━━━━━ Records for this exercise ━━━━━

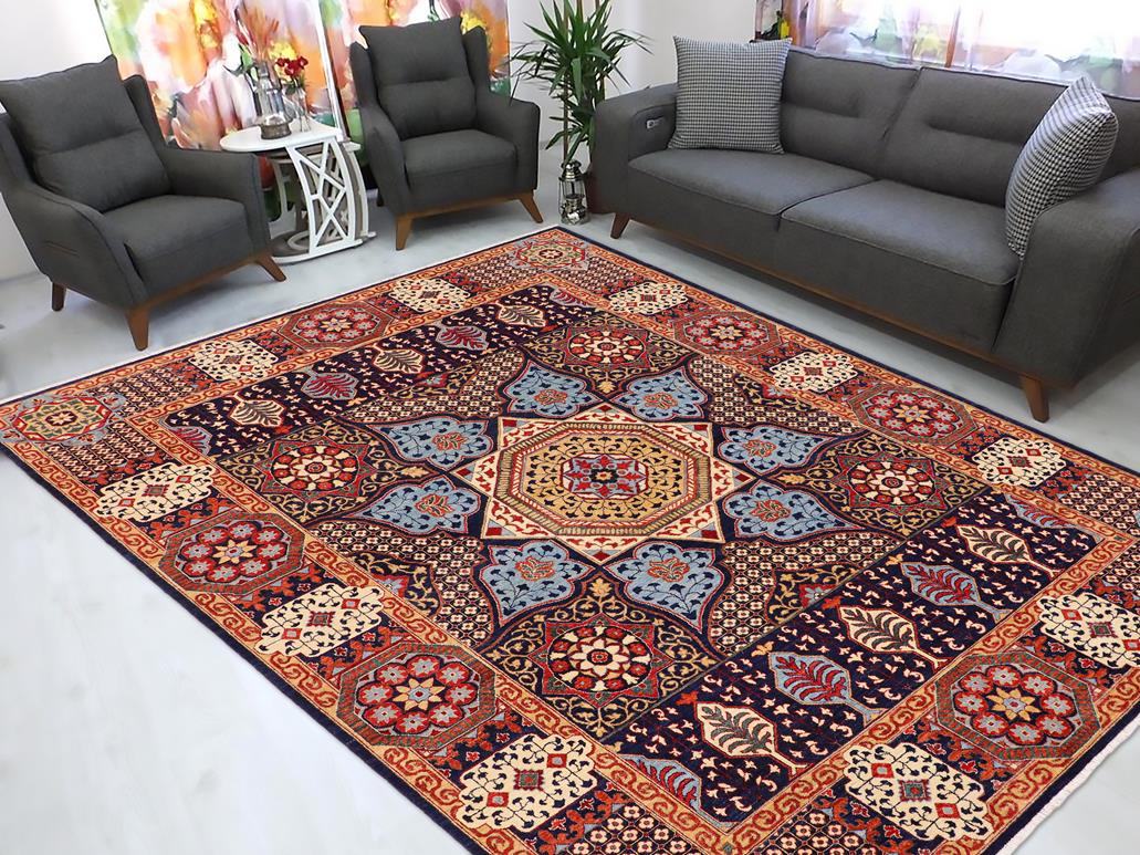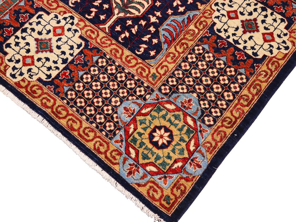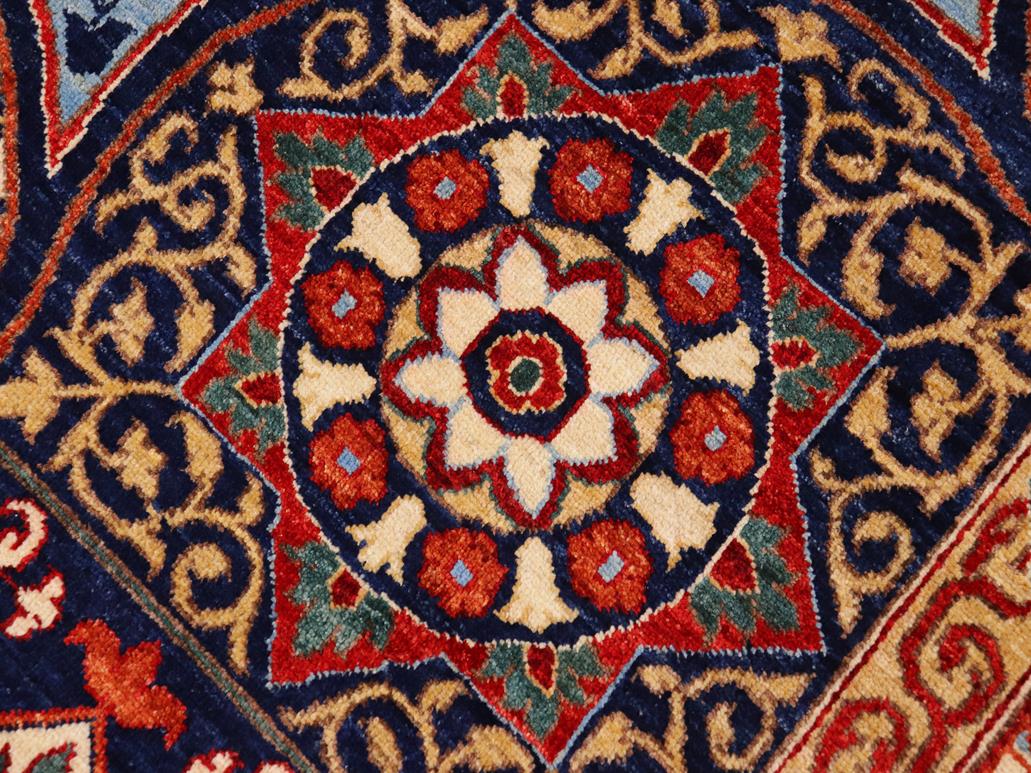 With strict standards of craftsmanship and quality of materials used this magnificent hand-knotted rug features a Mamluk design characterized by their unique weave and fine quality wool. Made for the Sultans in the 15th Century, Mamluk hand-knotted rugs devour design and structural characteristics that are based on a unique interplay of geometric forms with beauteous medallions made up of intersecting compartments and subtle layering making it a masterpiece of its own. This magnificent rug made with handspun wool and natural dyes features soft and lustrous, almost silk-like wool which gives it an elegant royal look. The breath-taking color pallet with an intricate geometric Mamluk design brings a rich form of cultural art to any decor. The unique hand-knotted rug narrates an archival story of the Mamluk Sultans and the Ottoman Empire bringing a rich sense of history, elegance, and sophistication in any decor.
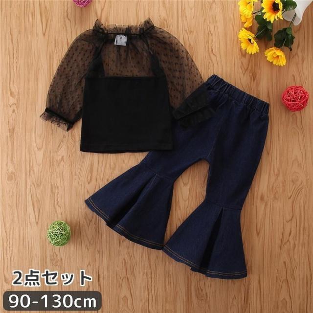 セットアップ 2点セット 長袖シャツ ミニスカート キッズ ベビー 女の子 シースルー ドット ブラック シック 上品 可愛い お洒落 秋 80cm
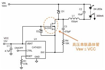 圖4 CAT4201高壓LED驅(qū)動器配置
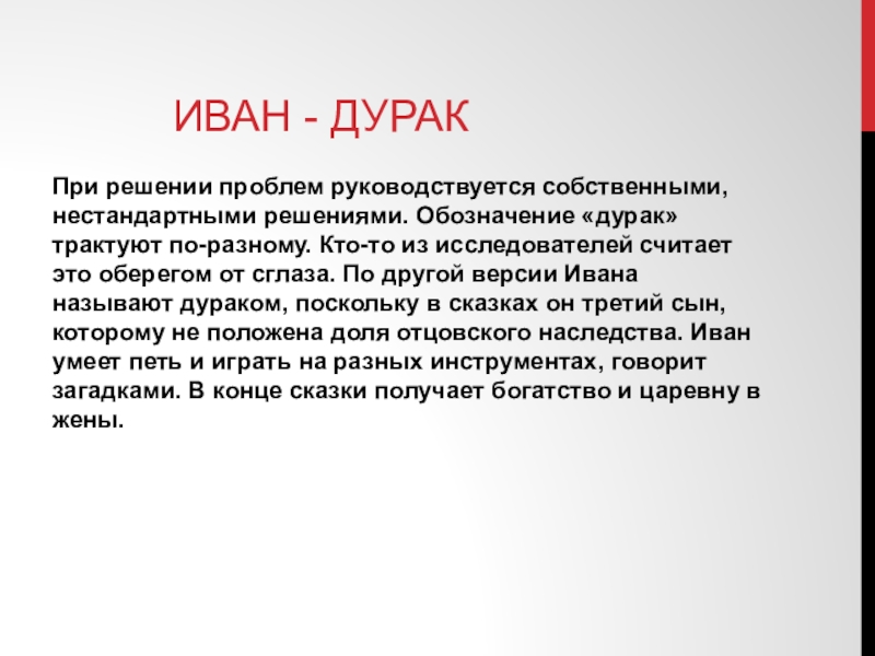 трактуют по-разному. Кто-то из исследователей считает это оберегом от сглаза. По другой версии Ивана называют дураком, поскольку в сказках он третий сын, которому не положена доля отцовского наследства. Иван умеет петь и играть на разных инструментах, говорит загадками. В конце сказки получает богатство и царевну в жены.
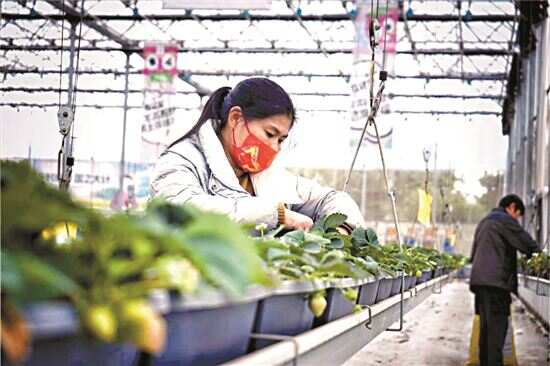 ■吊挂栽种的草莓可以让工人不必弯腰工作,提高了工作效率,市民采摘也更方便。
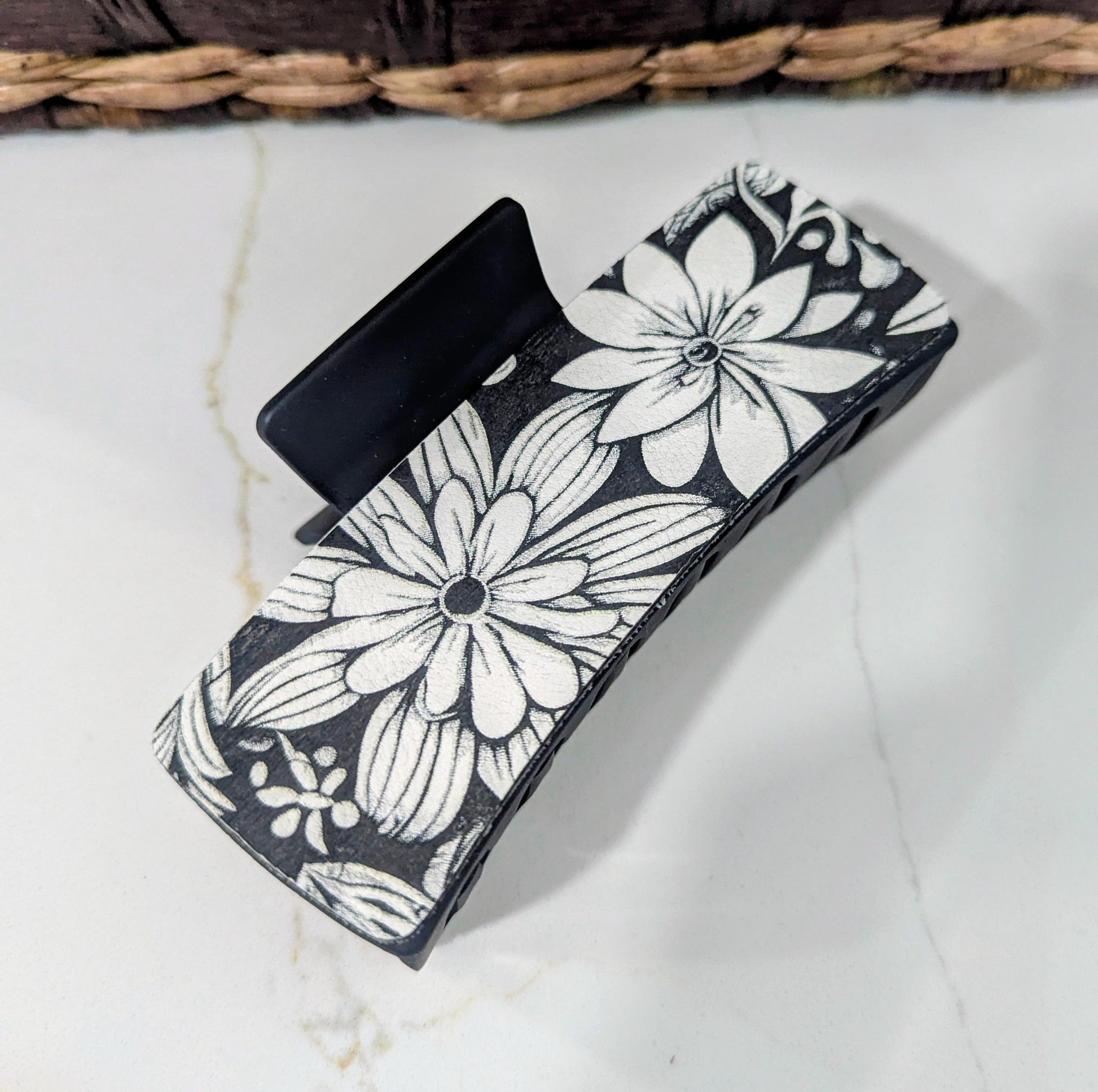 Large black hair clip with leatherette paper cut floral design. 4.1 inches. Strong grip to hold hair securely. Two colors to choose from.
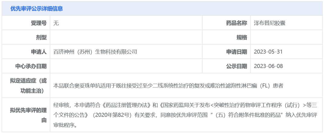 今日(6月8日),中国国家药监局药品审评中心(CDE)官网最新公示,百济神州BTK抑制剂泽布替尼拟纳入优先审评,拟定适应症为:联合奥妥珠单抗(新一代抗CD20单抗)用于既往接受过至少二线系统性治疗的复发或难治性滤泡性淋巴瘤(FL)患者。
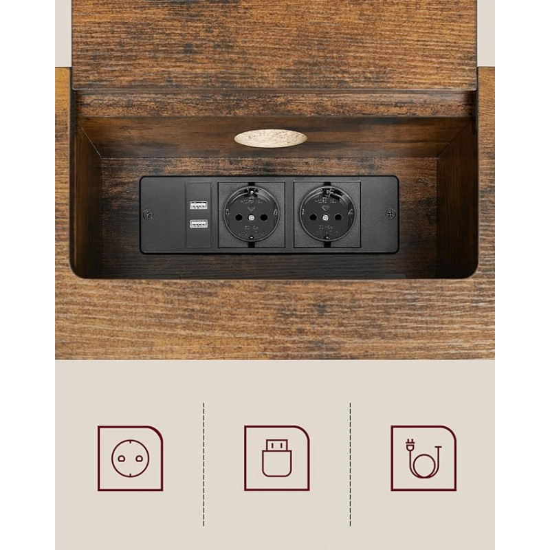 Stilrent industrielt design med robust stålramme og rustikk sponplate i vintage brun-svart look
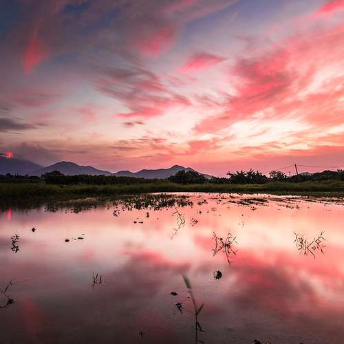 山火。倒影。火燒雲
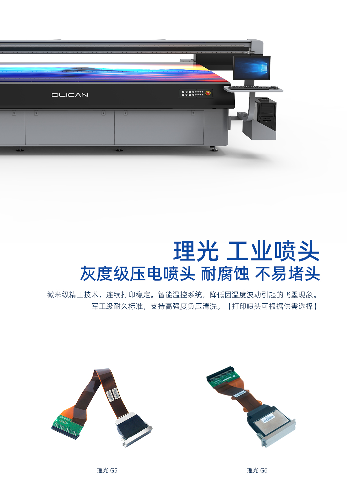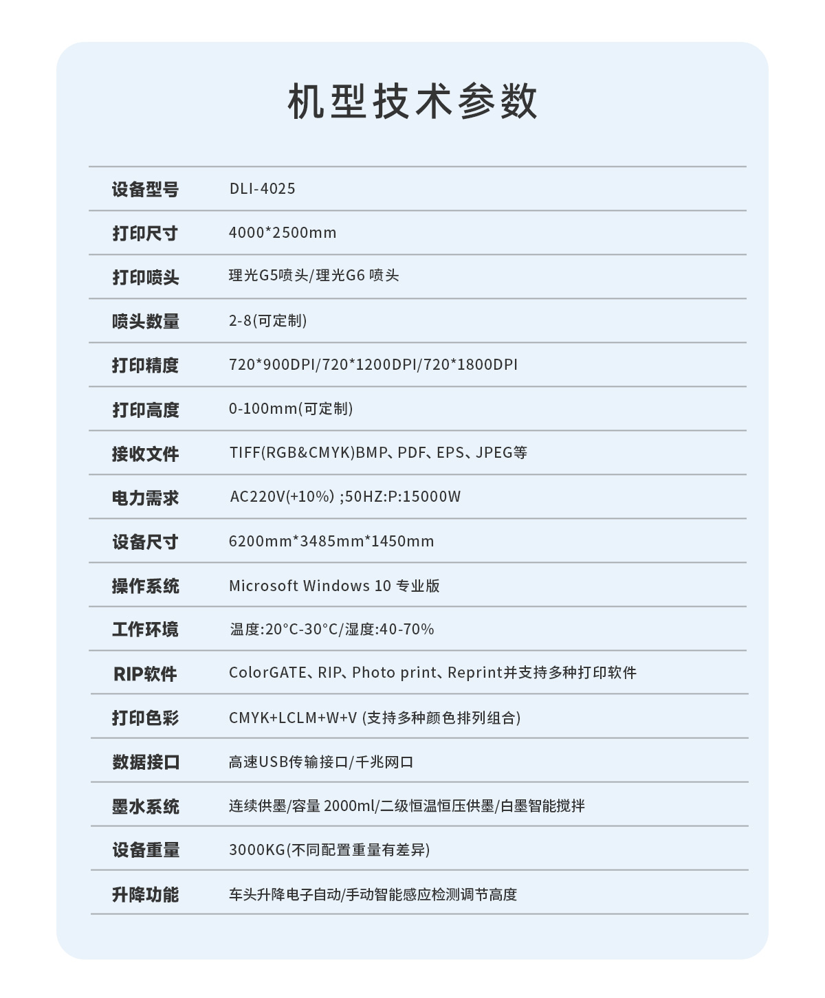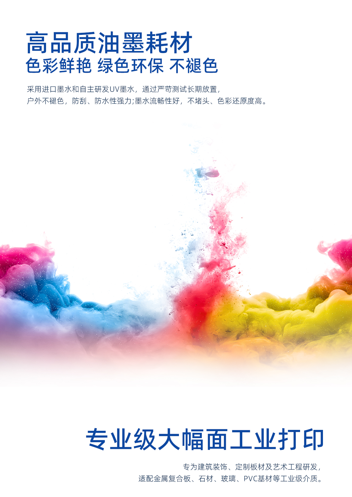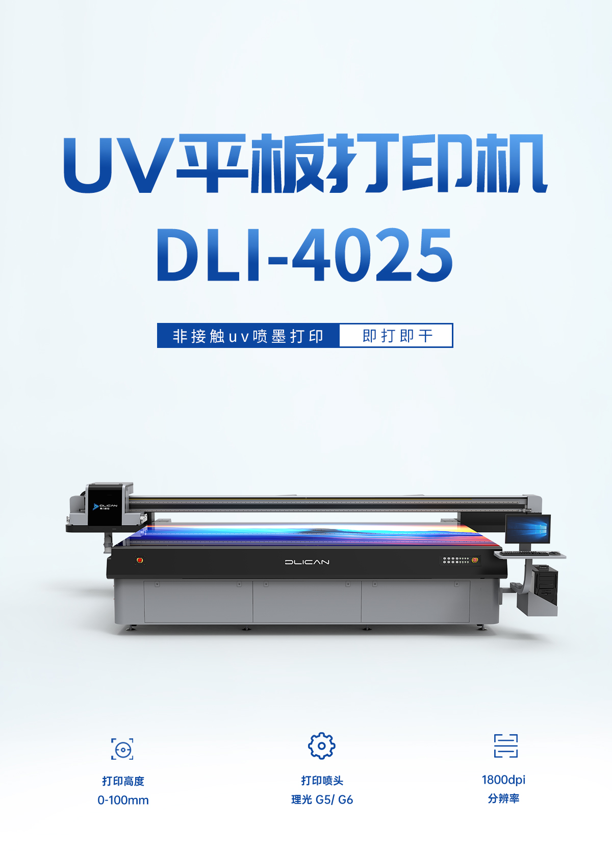 产品描述:打印尺寸1m*1m,小巧机身灵活应对多种打印需求,稳定高效,白彩光油同步打印,高分辨率彩印效果,打印图像效果细腻清晰。
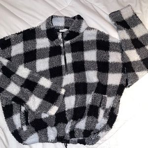 Pink Rose Buffalo plaid, half zip, pullover fleece with drawstring waist. Medium
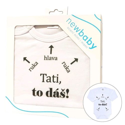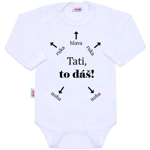 Originálne bavlnené dojčenské body s dlhým rukávom New Baby, s vtipným nápisom Tati, to dáš! Farby použité na potlač sú certifikované a vhodné pre bábätká. Je vyrobené z príjemného a kvalitného materiálu, v ktorom sa bude Vaše bábätko cítiť príjemne. Body má zapínanie na cvočky na ramienku a medzi nožičkami, čo uľahčuje obliekanie a prebaľovanie. Doprajte Vášmu bábätku vyniknúť v originálnom bode. Zloženie: 100% bavlna. Rozmery: obvod okolo hrudníka cca 50 cm, dĺžka rukáva cca 26 cm, celková dĺžka cca 42 cm.
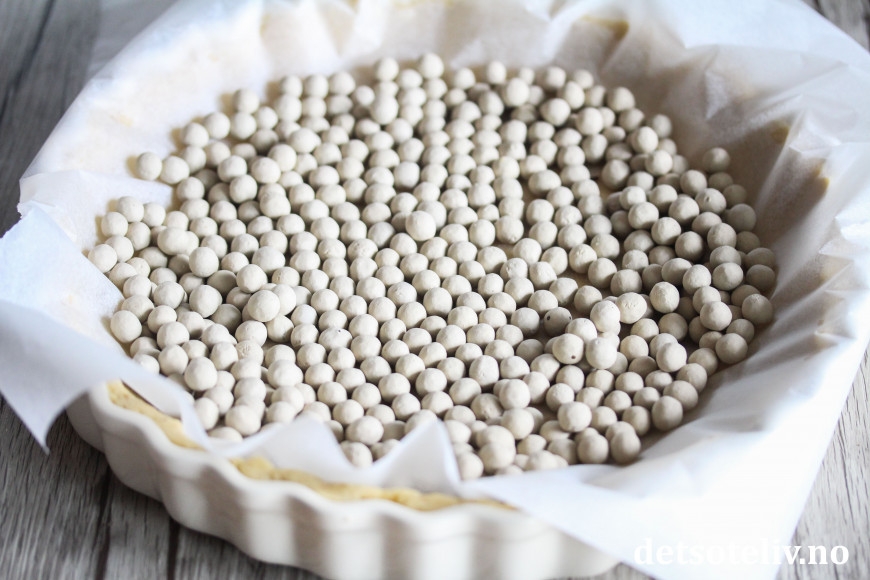 Legg bakepapir på deigen og fyll opp med keramiske bakekuler (tørkede erter eller bønner kan også brukes).
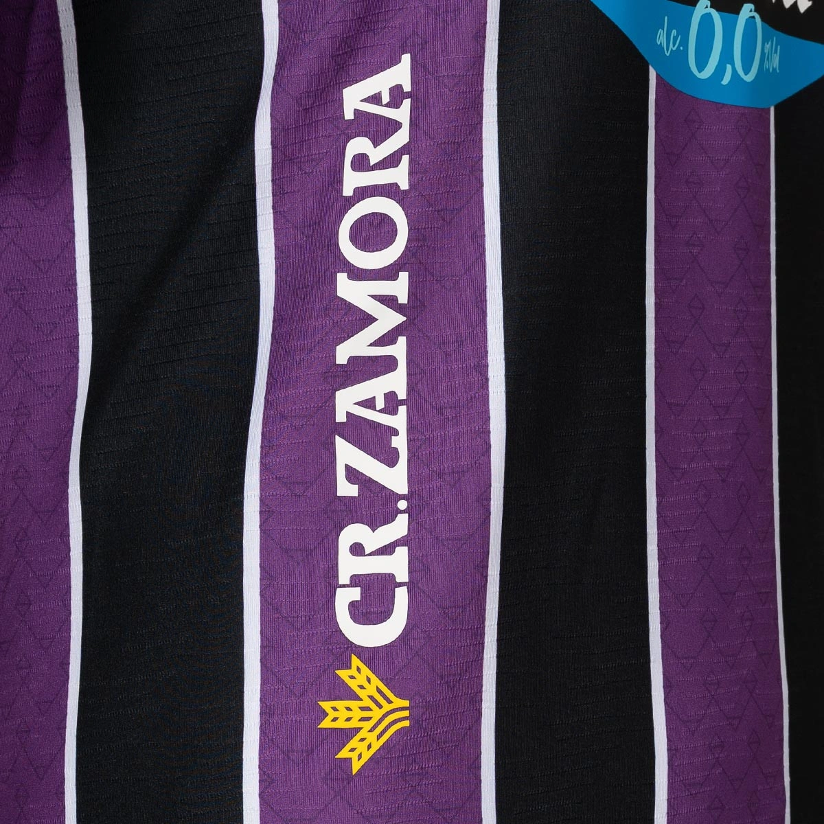 Aujourd'hui, cette énergie revient sous forme de design, avec une réinterprétation élégante et émotionnelle. Le noir profond est associé à des rayures violettes verticales, qui suggèrent un « V » stylisé, symbole de Valladolid et de son lien avec le premier maillot. Le résultat est une pièce qui respire l'histoire, mais qui projette le présent et l'avenir.

━━━━━

*Exercise goal*: Copy only what lies between the line with "产品描述:打印尺寸1m*1m" and the line with "Legg bakepapir på", those two lines included, exactly as given above; pictures stay out.

*Exercise result*:
 产品描述:打印尺寸1m*1m,小巧机身灵活应对多种打印需求,稳定高效,白彩光油同步打印,高分辨率彩印效果,打印图像效果细腻清晰。
 Pink Rose Buffalo plaid, half zip, pullover fleece with drawstring waist. Medium
 Originálne bavlnené dojčenské body s dlhým rukávom New Baby, s vtipným nápisom Tati, to dáš! Farby použité na potlač sú certifikované a vhodné pre bábätká. Je vyrobené z príjemného a kvalitného materiálu, v ktorom sa bude Vaše bábätko cítiť príjemne. Body má zapínanie na cvočky na ramienku a medzi nožičkami, čo uľahčuje obliekanie a prebaľovanie. Doprajte Vášmu bábätku vyniknúť v originálnom bode. Zloženie: 100% bavlna. Rozmery: obvod okolo hrudníka cca 50 cm, dĺžka rukáva cca 26 cm, celková dĺžka cca 42 cm.
 Legg bakepapir på deigen og fyll opp med keramiske bakekuler (tørkede erter eller bønner kan også brukes).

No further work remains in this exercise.